HOME総合情報概要・基本データ刊行物教養学部報532号(2010年10月 6日)

教養学部報

第532号 外部公開

〈時に沿って〉 研究者が出来上がるまでの人生

岡澤厚

昨年八月に広域科学専攻相関基礎科学系・小島研究室の助教として着任しました。授業は基礎科学科の実験で、有機化学の内容を担当しています。

「時に沿って」という主題で話をするのですが、私が研究者になるまでの人生を語るくらいしか思い付きません。「こんなのでも研究者になれるのか」、と皆さんに自信を持ってもらえたらと、ありのままを書こうと思います。

小さな頃から作文が苦手でしたので、何を書いたら良いものか悩んでしまいます。これは、本に触れる機会が少なかったことが原因かもしれません。中学・高校と進むにつれ、今度は英語に不安を覚え、「英語を使わない人生を選んでやる」と自分に言い聞かせました。しかし当然、作文力も英語も研究者として必要な素質で、後悔先に立たずとはこのことです。

高校では、理系らしく数学は勿論のこと、物理と化学の両方に対して興味を持ちました。この頃から漠然と、研究者としての人生に憧れを持ったと思います。大学進学時には、理系科目全般が好きで一つには絞れず、どこかで「これからの時代は物理や化学といった範疇ではなく、学際的な分野の研究が発展するだろう」と聞き、これを鵜呑みにして物理と化学の両方を学べる大学を選びました。

大学では勉強にバイトに、バイトに……、と明け暮れました。

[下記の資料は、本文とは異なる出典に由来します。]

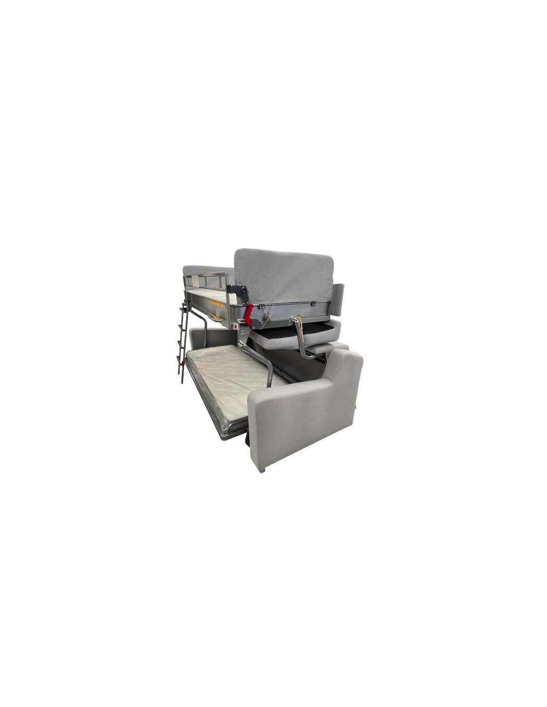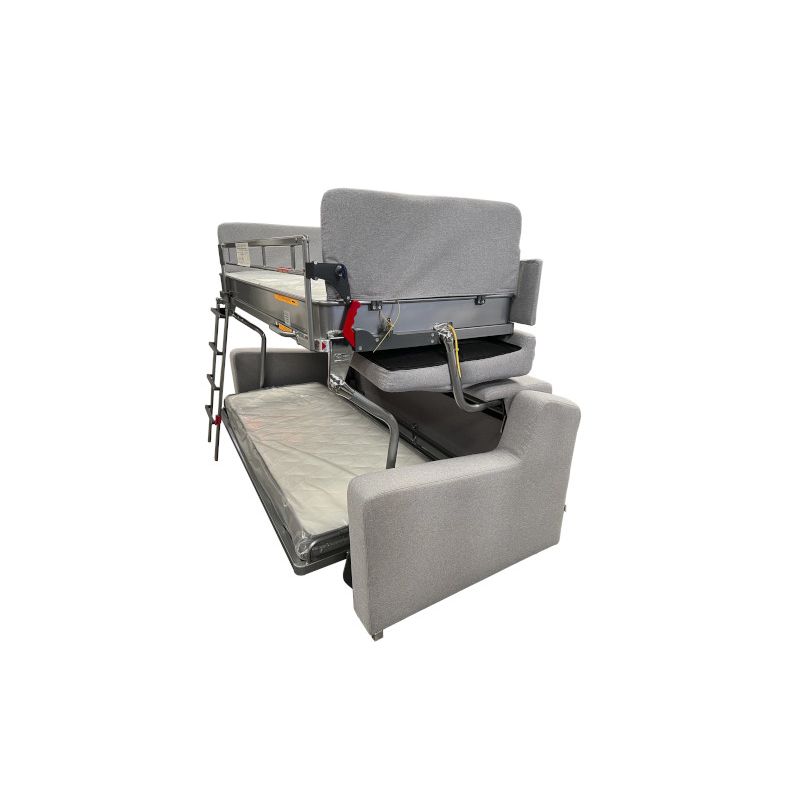 Un canapé-lit qui, grâce à un mécanisme solide et sûr, se transforme en lit superposé avec deux lits.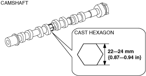 • Width at the cast hexagon of the camshaft is 22—24 mm {0.87—0.94 in}.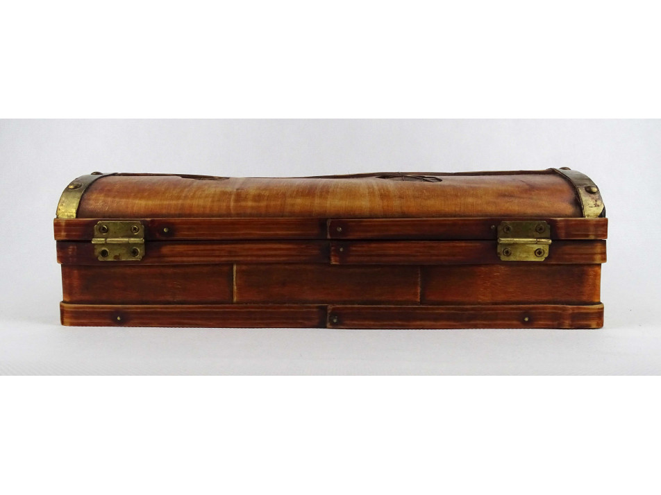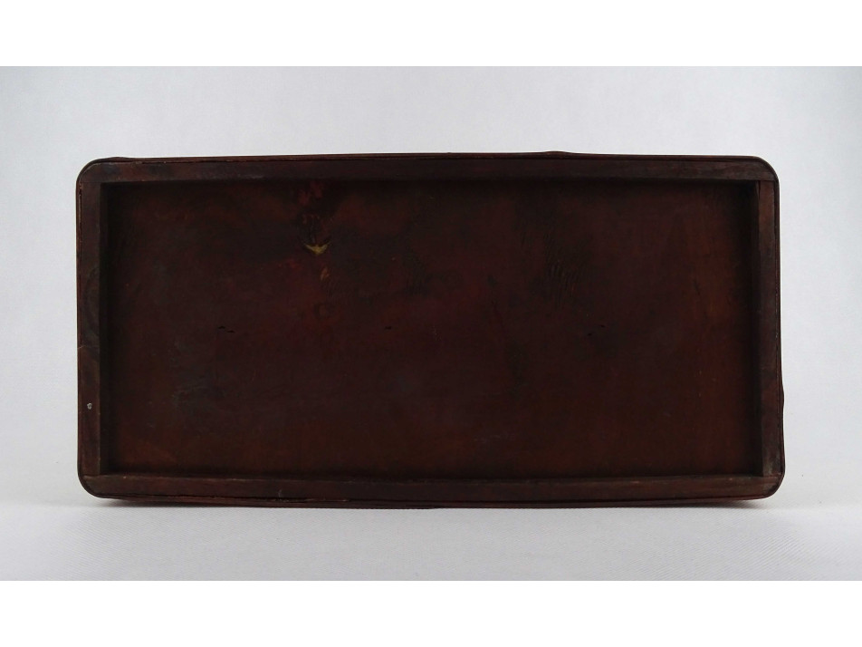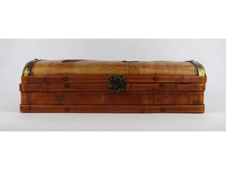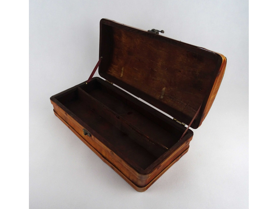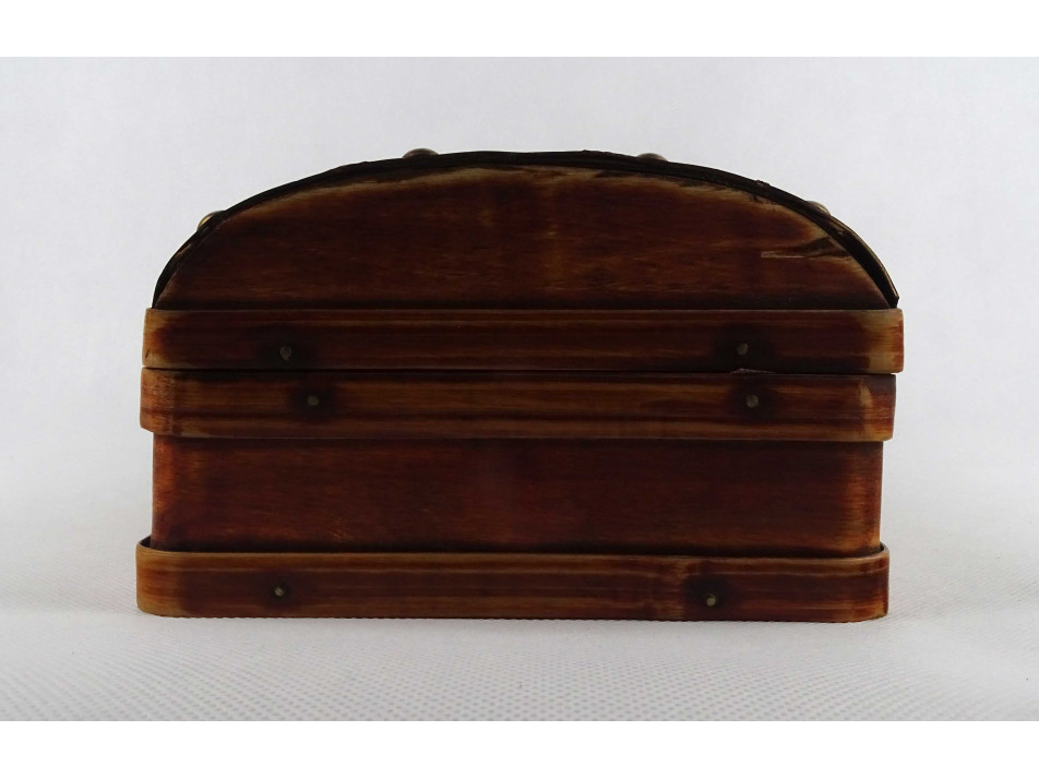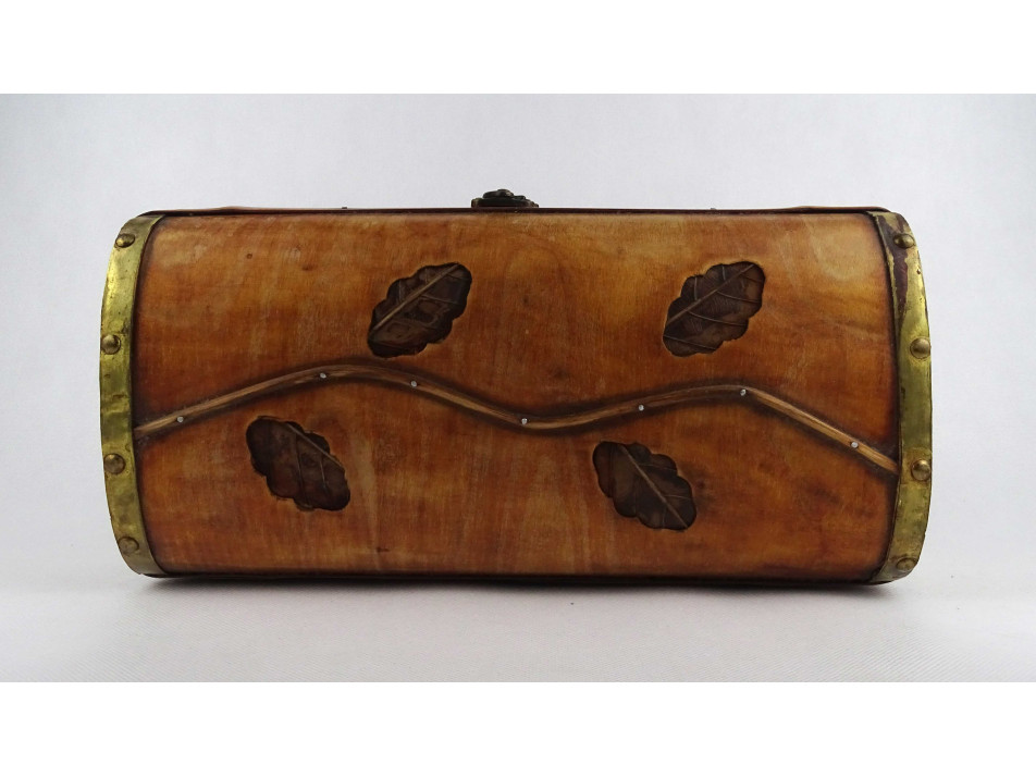 Régi, nagyméretű, ívelt tetejű, vékonyfalú, fa furnérból készült, levél mintákkal díszített, belül két részre osztott, egyszerű zárral rendelkező fadoboz, díszdoboz, kincses ládikó.

バイト先も含め大学時代に知り合った友人は特に深い付き合いになりました。それは、出会った人たちとの価値観が、これまでよりも近かったからかもしれません。卒業研究配属先には、有機合成のできる研究室を選びました。しかし実際は、金属イオンを含む化合物の物性(特に磁性)を調べることで、無機化学や物理の研究もやっていると言えます。好きな有機化学の知識だけ付ければ良いのではなく、やりたい研究の周りにはたくさんの勉強すべき科目・分野がある事を実感しました。

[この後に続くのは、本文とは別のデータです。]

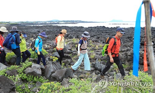 | △ (서귀포=연합뉴스) 전지혜 기자 = 23일 개장한 제주올레 3-B코스에서 올레꾼들이 도보 여행을 즐기고 있다. 3-B코스는 서귀포시 성산읍 온평포구에서 통오름∼독자봉∼김영갑 갤러리로 이어진 기존의 3코스(3-A) 전반부와 달리 온평 숲길∼신산 환해장성∼신산포구∼농개(농어개) 등 해안을 따라 이어지는 새 코스다. 두 코스는 중반부를 넘어서 신풍신천 바다목장에서 합쳐진다. 2015.5.23 atoz@yna.co.kr |
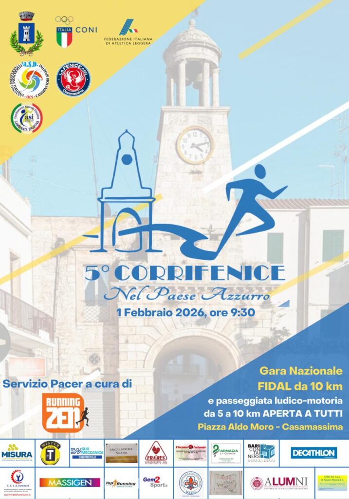 Domenica 1 febbraio 2026, a partire dalle ore 9:30, Casamassima ospiterà la 5ª edizione della Corrifenice – Nel Paese Azzurro, appuntamento sportivo ormai consolidato nel panorama podistico nazionale.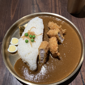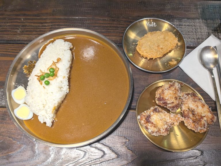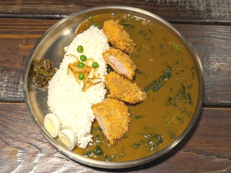 炸豬腰內肉咖喱飯(飯上有炸洋蔥絲和青豆,豬排現炸酥脆,肉質好,咖哩洋蔥風,微辣但不會流鼻涕,旁邊有類似醬瓜的醃菜和水煮鳥蛋) 講日語的店員很親切!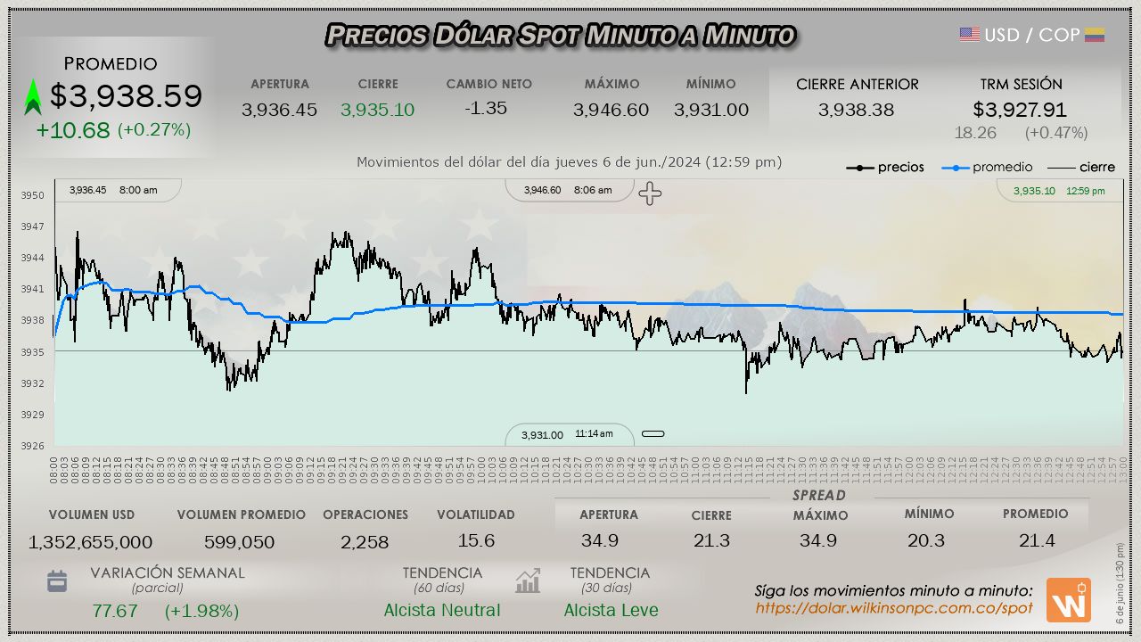 La jornada inició con un precio de apertura de $3,936.45, que superaba a la TRM vigente de $3,927.91. Durante la jornada, el precio alcanzó un máximo de $3,946.60 pesos, y un mínimo de $3,931.00 pesos, generando una volatilidad intradía de $15.60 pesos. Al cierre de la jornada, se situó en $3,935.10, a la baja respecto a la apertura pero cerró al alza respecto a la TRM del día, así como el promedio ponderado con un valor de $3,938.59, una diferencia de $10.68 pesos, un aumento del 0.27% respecto a la TRM.

大学院生になって初めて海外を経験しました。このときの国際学会で、ポスター発表に遅刻するという失態もしました。そんな中、偶然目の前にいた外国の先生に片言で必死に説明した結果、驚いたことにポスター講演賞を頂きました。安直に、「自分は研究者としてやっていけるのでは」と思いました。楽観主義な思考が、研究者として一番恵まれていることかも知れません。

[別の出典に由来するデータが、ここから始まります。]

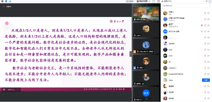 分享结束后,线上观众踊跃提问,分享体会,原新教授与各位老师共同探讨双型社会格局下的老年人特征等问题,气氛热烈。智慧养老研究所左美云教授、付虹蛟副教授、黄科满副教授、周季蕾老师和20余位硕博士研究生一同参加了会议。(910023威尼斯官网段睿睿供稿)

博士一年の秋に大学近くで一人暮らしを始めてからは、終電を気にすることなく研究に没頭できました。一日のうち三分の二を研究室で活動したり、日曜に外出した帰りにも大学に立ち寄って測定を仕掛けたりしました。その甲斐もあって、それなりの成果が残せたと思います。もちろん指導頂いた先生方のご尽力もありました。こうして無事学位を取得でき、さらに半年後に念願の助教となりました。私事ですが、今年の一月には結婚もしました。恩師の先生曰く、「学位、就職、結婚を達成したので三冠」だそうです。

今は、豊かな自然環境と研究環境が併存するこのキャンパスで、教育と研究に携われる幸せを強く感じています。研究者として育てて下さった先生方のご恩に研究成果と教育で報いるためにも、常に自分を律する気持ちで励んでいきたいと思います。